Shit lady, if this is your idea of a good time I'd hate to see how you spend Thanksgiving.
She did all that for a $5 crack rock and 4 smokes
@hatchetface have you SEEN the price of cIgs lately??
I didn't send this in !!! I would never do that to a bottle of cheap booze!!!!!
Youre drinking it wrong
<3 Irish Whiskey.
That was about as sexy as a spider monkey eating his own ass,.,..,
Kermit says, "Loves me some Miss Piggy!"
I don't believe Jameson will cut her an endorsement check
@maxm60 they should sue for defamation
i hate to say it but id tap that
@boobles He meant the bottle. Take a nice, long swig.
At least the alcohol will maybe disinfect it? Maybe?
I'll let ya'll test it.
Outtakes from The Ring...
You mean "Lord of the Ring' ...
She looks like Gollum's girlfriend.,.,,.,.
@GrimmWilder what? That's not Gollum?
Difinitely a Crazyshit member.
I think she's a hoarder.
I've never tried Jamesom, I'm certainly not going to try it any time soon
@vikingshill it's ok, not anything I'd drink regularly
@vikingshill Don't be a pussy.
That Gollum walk from 0:33 make's the video
I'd hit it after I hit that bottle!
ANONYMOUS??? Clearly her name is Peggy
Send this cave bitch back to caves.
@toreal Yo wazz up homie. Da farq u been?
@ouch I've been here
New meaning to liquor in the rear?
What's WRONG with Her?
@drewstl another attention seeking useless millennial
Kiiiinnnky. This is the kind of gal that just may earn her own collar and leash one day.
She needs to be handcuffed, spanked, and have some mouse-traps on her tits!
I'm sure she will be showing me her gratitude later for some much needed guidance.
@fiddledeedee rick james material
From what I've read about Rick James he was pretty far out there.

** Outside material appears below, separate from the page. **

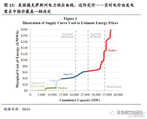 海外電價上漲,光伏發電價格接受度提升。在市場化電價交易中,在滿足用電需求的前提下,電價由成本最高的供給方決定。SEIA描繪了德克薩斯州能源批發市場的電力供應曲線,描繪系統需求、邊際發電和能源價格之間的關係。當用電需求處於低負荷時期,實時電價由成本較低的光伏、核能發電成本決定;隨着電力負荷的提升,電價會依次由發電成本更高的煤電、天然氣決定。長期看天然氣的價格中樞有望上移,原因在於在全球低碳轉型背景下,傳統油氣龍頭增加資本開支意願極低,全球礦業開採巨頭必和必拓宣佈退出油氣業務。Fitch Solutions研究預測未來五年全球油氣資本支出仍呈現遞增趨勢,但直至2025年依然不能恢復2019年的水平。而天然氣需求仍在增長,供需格局分化將使得天然氣價格中樞上移,也擡高了波峯時刻電價,側面提高了海外對光伏發電價格接受度。
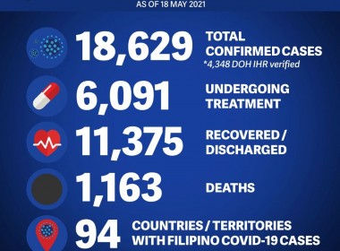 (Eagle News) — Eleven more overseas Filipinos have tested positive for COVID-19. The Department of Foreign Affairs said the additional data pushed the COVID-19 cases among overseas Filipinos to 18629. One more recovery pushed the COVID-19 recoveries among Filipinos abroad to 11375. The death toll is now at 1163, including the additional two deaths. According to the DFA, the Middle East and Africa are still the regions with the most COVID-19 cases, recoveries, and deaths […]

Nothin' wrong with some safe, consensual S&M that pleases both partners.
One way to stop people touching your liquor
Even she knows that she needs to hang her pussy out to dry.
...got the wrong hard licker on your bits!
Silly cave monkey
'Scuse me Missy could you try and loosen the lid on this jamjar for me?'
Amateur, ouch does that with a sparkletts bottle .
@acairman LMMFAO OH Knee slapp'n' stuff
says the guy with a gay predator avatar lol FAG
@vivalamigra sounds like you are talking about Dump...
@prolurkercrazy Or Hillary's new book. Trump "made faces" at her causing her to lose the election.
@vivalamigra I do have to give that one to you. It does sound like a whinny, snotty book
@prolurkercrazy I wholeheartedly agree
Jameson released, "sex sells, that's why."
new tv commercial for Jameson
" ERIN GO BRAGH"
so if i flash my hairy manboobs and put a random objekt in my ass will i get uploaded as fillercontent on CS?
@berget dear God, please don't
so tired of all the porn theres like 250trillionfuckawattgigabytes of porn on the internet already
im telling you one more pornclip and ill use one of my boobs as an avatar
Instead of using your asshole.
I bet that Jameson tastes like shit now.
she told me that only my dick goes in ther!!!! bitch.
Didn't even bother to watch another brainless, useless millennial.
WTF be wrong wit u?
Can you approach the camera any more fuckin creepier... Fucking zombie...
She's just hanging the curtains out to dry.
There is nothing sexy about anal. Waste comes out of the anus.
says the bugger baby...
I think she is a virgin......somewhere.
Anonymous? Someone here knows her I'm sure.
That was the least sexiest crawl I've ever seen.
Along with those clothespins I'm sure there were also plenty of coat hangers inside that rancid cunt.
Come here you skinny little skank!
That's the way I feel after I drink Jameson too.
This is why you have fingers
I would like to put clothes pins on her pussy.
Wondered why my Jameson Whiskey tasted like Jim Beam...Shit.
Liquor and Whores
d definetly hit it!
Your fucking lucky that bottle was empty.
Very cool chick but no tits so I won't save.